→ **SOURCE DATA**:
-=-=-=-=-
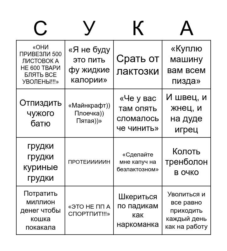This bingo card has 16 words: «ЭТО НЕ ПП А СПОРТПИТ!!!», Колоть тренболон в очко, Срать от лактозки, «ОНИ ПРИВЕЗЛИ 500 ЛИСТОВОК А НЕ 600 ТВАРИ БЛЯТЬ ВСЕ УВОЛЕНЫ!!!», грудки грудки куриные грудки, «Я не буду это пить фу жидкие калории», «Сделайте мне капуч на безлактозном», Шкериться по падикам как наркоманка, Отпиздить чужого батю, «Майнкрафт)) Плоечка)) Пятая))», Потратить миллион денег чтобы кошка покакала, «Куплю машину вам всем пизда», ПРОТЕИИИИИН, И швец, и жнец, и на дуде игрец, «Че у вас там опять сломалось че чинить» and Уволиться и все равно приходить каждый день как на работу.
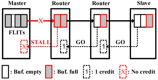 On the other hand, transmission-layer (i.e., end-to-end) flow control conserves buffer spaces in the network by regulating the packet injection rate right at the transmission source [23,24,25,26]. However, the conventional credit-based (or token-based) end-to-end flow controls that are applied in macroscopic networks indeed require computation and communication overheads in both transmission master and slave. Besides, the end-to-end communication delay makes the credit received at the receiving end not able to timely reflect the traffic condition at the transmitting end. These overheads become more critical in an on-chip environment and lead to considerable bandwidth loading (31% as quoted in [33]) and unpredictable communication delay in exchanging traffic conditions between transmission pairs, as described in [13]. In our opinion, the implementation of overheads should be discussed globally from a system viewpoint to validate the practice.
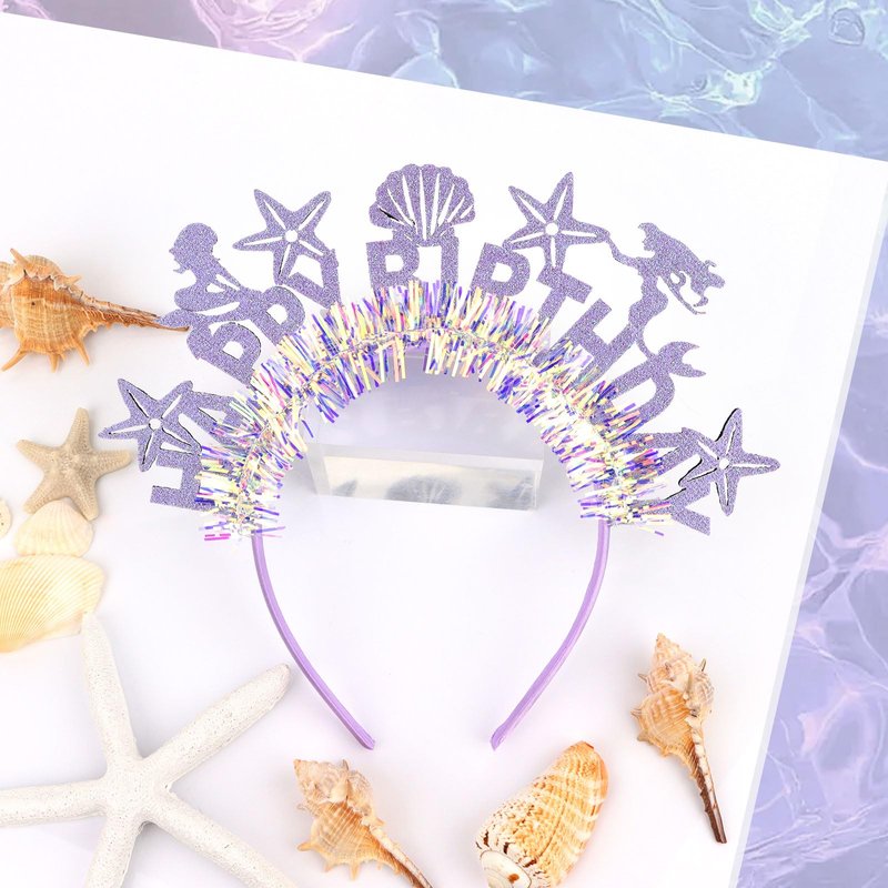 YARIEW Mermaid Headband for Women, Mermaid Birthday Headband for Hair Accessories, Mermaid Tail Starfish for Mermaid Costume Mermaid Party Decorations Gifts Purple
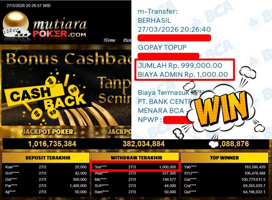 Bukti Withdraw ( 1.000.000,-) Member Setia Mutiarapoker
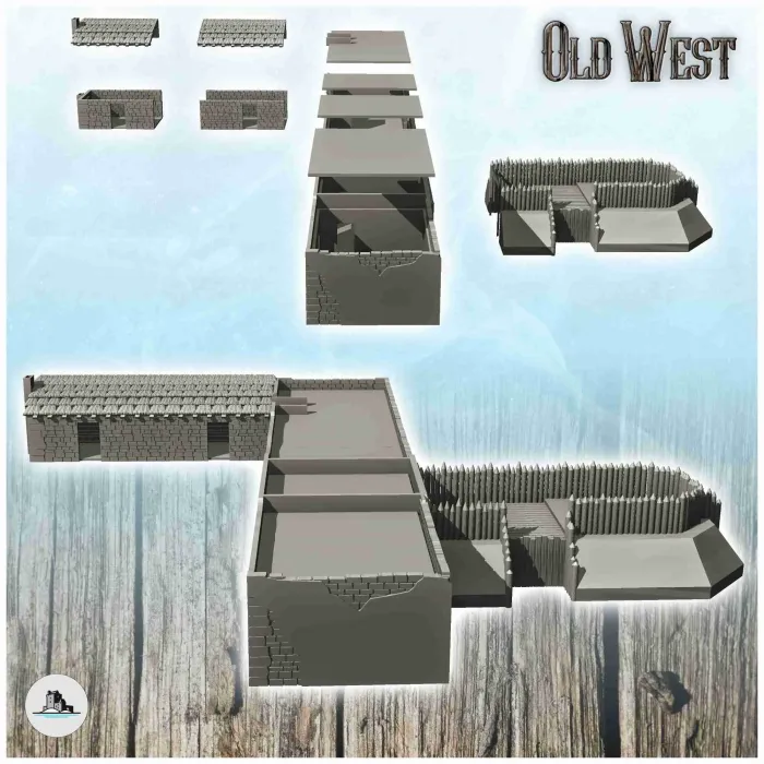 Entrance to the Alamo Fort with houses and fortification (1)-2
-=-=-=-=-
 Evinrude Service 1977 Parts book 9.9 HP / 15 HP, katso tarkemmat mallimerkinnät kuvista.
-=-=-=-=-
Which part of the entries opens with the line containing "On the other" and closes with the line containing "Entrance to the"? Output that part exactly, ends included, pictures excluded.

→ **EXERCISE RESPONSE**:
 On the other hand, transmission-layer (i.e., end-to-end) flow control conserves buffer spaces in the network by regulating the packet injection rate right at the transmission source [23,24,25,26]. However, the conventional credit-based (or token-based) end-to-end flow controls that are applied in macroscopic networks indeed require computation and communication overheads in both transmission master and slave. Besides, the end-to-end communication delay makes the credit received at the receiving end not able to timely reflect the traffic condition at the transmitting end. These overheads become more critical in an on-chip environment and lead to considerable bandwidth loading (31% as quoted in [33]) and unpredictable communication delay in exchanging traffic conditions between transmission pairs, as described in [13]. In our opinion, the implementation of overheads should be discussed globally from a system viewpoint to validate the practice.
 YARIEW Mermaid Headband for Women, Mermaid Birthday Headband for Hair Accessories, Mermaid Tail Starfish for Mermaid Costume Mermaid Party Decorations Gifts Purple
 Bukti Withdraw ( 1.000.000,-) Member Setia Mutiarapoker
 Entrance to the Alamo Fort with houses and fortification (1)-2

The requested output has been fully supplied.